____ Data section

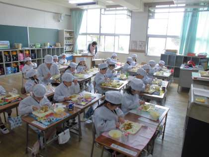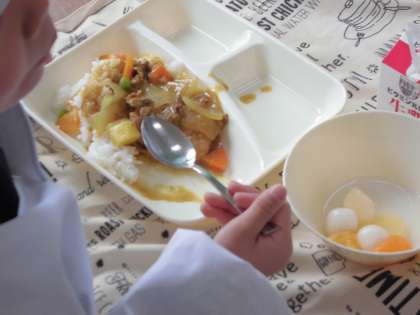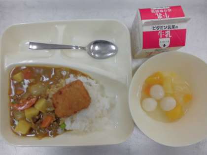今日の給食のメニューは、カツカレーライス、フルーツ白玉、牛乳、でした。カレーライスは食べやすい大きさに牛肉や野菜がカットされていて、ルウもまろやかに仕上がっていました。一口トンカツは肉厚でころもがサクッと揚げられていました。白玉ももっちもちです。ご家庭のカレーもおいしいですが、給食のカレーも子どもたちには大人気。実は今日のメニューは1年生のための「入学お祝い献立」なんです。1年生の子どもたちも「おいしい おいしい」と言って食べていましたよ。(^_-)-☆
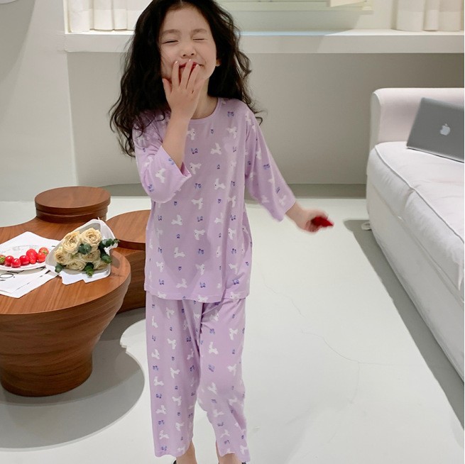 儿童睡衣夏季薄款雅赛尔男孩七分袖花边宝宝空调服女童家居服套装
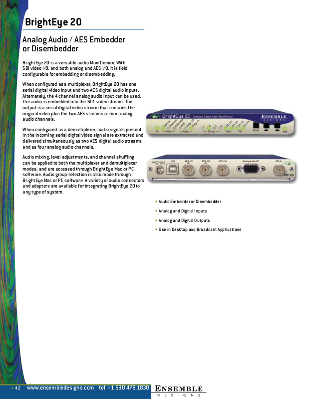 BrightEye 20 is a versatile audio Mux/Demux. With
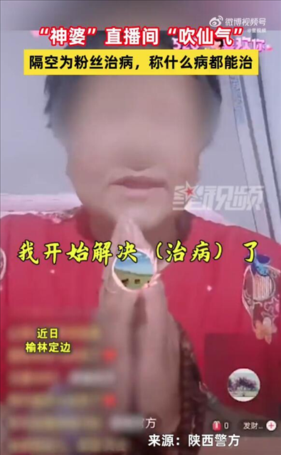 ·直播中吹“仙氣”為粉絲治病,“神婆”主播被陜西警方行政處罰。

________

■ What the task requires: The task calls for every line of the data to be returned exactly, without pictures.

■ Exercise result:
今日の給食のメニューは、カツカレーライス、フルーツ白玉、牛乳、でした。カレーライスは食べやすい大きさに牛肉や野菜がカットされていて、ルウもまろやかに仕上がっていました。一口トンカツは肉厚でころもがサクッと揚げられていました。白玉ももっちもちです。ご家庭のカレーもおいしいですが、給食のカレーも子どもたちには大人気。実は今日のメニューは1年生のための「入学お祝い献立」なんです。1年生の子どもたちも「おいしい おいしい」と言って食べていましたよ。(^_-)-☆
 儿童睡衣夏季薄款雅赛尔男孩七分袖花边宝宝空调服女童家居服套装
 BrightEye 20 is a versatile audio Mux/Demux. With
 ·直播中吹“仙氣”為粉絲治病,“神婆”主播被陜西警方行政處罰。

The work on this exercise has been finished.